There’s also a natural rhythm to working with plants that tends to slow you down. Whether it’s pruning, planting, or just walking through the yard, it gives you a reason to step outside, pay attention, and reset. It’s not complicated, but it’s consistent—and that consistency has a way of reducing stress without you really thinking about it.
It also creates a connection to nature that’s easy to overlook in day-to-day life. Instead of just passing by it, you’re interacting with it. You start to understand what grows well, what struggles, and how everything is connected—from soil to seasons to pollinators.
And over time, all of that changes how you experience home. It’s no longer just a place you live—it’s something you’re actively shaping. A well-thought-out space doesn’t just look good; it feels better to spend time in.
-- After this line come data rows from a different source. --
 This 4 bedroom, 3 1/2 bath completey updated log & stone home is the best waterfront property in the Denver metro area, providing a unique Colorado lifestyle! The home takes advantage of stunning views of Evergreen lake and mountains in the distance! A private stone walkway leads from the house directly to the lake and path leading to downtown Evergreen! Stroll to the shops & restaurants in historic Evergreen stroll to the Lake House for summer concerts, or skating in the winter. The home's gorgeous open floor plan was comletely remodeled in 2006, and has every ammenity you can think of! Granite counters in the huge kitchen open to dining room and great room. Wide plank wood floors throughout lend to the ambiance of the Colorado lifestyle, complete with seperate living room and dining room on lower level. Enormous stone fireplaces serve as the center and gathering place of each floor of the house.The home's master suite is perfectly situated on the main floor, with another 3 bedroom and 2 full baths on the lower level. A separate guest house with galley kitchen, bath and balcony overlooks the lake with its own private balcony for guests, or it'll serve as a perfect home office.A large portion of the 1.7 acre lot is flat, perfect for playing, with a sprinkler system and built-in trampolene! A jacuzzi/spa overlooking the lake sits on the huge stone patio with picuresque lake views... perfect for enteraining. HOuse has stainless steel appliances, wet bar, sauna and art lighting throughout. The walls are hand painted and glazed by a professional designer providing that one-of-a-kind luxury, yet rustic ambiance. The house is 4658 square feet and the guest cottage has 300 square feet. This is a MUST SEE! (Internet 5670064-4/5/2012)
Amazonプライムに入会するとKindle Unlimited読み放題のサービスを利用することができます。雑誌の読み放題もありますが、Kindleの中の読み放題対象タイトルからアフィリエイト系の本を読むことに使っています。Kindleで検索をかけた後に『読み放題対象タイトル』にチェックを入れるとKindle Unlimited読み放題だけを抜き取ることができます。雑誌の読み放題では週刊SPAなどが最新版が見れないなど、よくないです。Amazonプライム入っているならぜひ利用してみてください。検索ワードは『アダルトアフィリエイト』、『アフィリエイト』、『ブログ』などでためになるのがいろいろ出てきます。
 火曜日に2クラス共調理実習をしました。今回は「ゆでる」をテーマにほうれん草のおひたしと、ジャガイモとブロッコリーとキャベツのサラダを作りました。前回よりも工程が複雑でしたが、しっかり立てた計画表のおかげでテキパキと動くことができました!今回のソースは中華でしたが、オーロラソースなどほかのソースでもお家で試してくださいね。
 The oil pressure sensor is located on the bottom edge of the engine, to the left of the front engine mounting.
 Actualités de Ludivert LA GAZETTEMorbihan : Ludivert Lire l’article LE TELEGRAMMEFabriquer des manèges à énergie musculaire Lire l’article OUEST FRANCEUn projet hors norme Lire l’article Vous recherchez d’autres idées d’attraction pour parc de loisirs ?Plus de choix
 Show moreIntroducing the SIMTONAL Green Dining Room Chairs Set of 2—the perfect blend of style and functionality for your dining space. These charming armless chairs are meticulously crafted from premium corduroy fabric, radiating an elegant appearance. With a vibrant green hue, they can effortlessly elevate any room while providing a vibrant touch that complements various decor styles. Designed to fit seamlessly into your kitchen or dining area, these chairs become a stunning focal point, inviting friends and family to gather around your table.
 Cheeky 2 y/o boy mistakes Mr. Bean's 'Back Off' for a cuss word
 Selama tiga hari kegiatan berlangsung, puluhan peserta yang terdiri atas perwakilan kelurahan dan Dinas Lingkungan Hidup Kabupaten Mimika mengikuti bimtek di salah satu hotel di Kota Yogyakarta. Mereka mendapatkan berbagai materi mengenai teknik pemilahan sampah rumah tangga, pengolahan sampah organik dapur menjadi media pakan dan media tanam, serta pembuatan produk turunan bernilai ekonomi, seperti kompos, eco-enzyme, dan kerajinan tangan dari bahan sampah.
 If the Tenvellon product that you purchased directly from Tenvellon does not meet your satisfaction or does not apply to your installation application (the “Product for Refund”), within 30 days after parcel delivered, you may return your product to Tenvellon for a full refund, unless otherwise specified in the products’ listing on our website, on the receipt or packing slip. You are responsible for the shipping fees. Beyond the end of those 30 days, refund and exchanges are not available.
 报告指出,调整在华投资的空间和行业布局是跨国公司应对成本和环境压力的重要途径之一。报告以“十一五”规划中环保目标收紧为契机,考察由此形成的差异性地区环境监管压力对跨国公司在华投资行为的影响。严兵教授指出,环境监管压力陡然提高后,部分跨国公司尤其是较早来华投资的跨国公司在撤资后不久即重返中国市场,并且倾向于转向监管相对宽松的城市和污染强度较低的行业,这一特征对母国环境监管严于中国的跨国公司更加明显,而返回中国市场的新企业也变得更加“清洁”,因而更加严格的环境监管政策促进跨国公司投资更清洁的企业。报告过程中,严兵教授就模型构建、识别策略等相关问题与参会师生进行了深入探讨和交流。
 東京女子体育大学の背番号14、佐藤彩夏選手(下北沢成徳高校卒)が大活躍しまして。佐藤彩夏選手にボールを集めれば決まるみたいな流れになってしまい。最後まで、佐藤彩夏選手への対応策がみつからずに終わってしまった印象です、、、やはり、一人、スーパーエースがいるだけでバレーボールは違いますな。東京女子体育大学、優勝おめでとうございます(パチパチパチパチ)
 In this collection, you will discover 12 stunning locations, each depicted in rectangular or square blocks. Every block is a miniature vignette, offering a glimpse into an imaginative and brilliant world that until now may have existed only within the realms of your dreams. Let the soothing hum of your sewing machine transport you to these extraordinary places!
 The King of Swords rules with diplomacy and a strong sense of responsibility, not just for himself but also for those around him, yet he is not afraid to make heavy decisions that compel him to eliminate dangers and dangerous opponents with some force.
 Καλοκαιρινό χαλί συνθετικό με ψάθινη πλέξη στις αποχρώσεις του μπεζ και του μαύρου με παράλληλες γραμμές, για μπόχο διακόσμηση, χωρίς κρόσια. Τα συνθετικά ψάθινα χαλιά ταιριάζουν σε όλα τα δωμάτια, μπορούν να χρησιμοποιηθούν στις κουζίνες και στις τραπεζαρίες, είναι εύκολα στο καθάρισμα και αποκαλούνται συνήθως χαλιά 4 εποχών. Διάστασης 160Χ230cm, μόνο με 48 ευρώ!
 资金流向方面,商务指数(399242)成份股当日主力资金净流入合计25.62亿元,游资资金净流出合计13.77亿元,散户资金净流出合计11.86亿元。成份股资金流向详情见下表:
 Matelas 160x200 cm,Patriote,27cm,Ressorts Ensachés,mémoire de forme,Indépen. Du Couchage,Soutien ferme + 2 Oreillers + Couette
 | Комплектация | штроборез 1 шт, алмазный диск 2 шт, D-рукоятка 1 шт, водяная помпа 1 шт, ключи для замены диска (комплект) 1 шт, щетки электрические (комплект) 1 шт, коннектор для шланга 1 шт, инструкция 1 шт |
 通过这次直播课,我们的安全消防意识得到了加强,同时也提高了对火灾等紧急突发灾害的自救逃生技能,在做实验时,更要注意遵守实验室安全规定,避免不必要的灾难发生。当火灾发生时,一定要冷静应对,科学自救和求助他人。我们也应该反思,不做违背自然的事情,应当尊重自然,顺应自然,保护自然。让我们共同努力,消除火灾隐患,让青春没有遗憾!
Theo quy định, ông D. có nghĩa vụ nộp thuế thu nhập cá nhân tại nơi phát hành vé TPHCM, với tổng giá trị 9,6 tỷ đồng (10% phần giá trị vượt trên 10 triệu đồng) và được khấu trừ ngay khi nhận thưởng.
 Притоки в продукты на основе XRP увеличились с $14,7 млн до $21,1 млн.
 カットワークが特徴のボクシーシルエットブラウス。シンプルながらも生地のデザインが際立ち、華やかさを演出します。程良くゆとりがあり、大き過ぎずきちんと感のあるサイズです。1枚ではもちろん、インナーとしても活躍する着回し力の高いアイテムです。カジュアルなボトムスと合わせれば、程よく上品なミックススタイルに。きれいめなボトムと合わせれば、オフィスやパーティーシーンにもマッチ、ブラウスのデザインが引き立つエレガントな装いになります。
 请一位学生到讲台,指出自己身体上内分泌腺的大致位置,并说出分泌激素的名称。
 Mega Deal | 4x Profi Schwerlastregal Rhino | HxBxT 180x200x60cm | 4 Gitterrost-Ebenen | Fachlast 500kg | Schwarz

What you can expect from this blog
- Garden updates: what’s thriving and what’s struggling in my yard.
- New plants: additions to the garden and why I chose them.
- Plant care: pruning tips, disease and pest observations, and the “spray or not to spray” debate.
- Natives vs. invasives: why native plants matter and which invasives to watch for.
- Hardscaping notes: small projects and lessons learned (I’m no pro, but I’ll share what worked — and what didn’t).
- General education about plans: basic terminologies and concepts to help you make decisions for your spaces.
- Check out “Not All Evergreens are Pines.“
I love talking plants — sometimes to the point that eyes start to roll after a twenty‑minute monologue about hydrangea pruning. This blog is my outlet—a place to share what I learn, what works, what doesn’t, and everything in between. If you enjoy plants (or want to), you’re in the right place.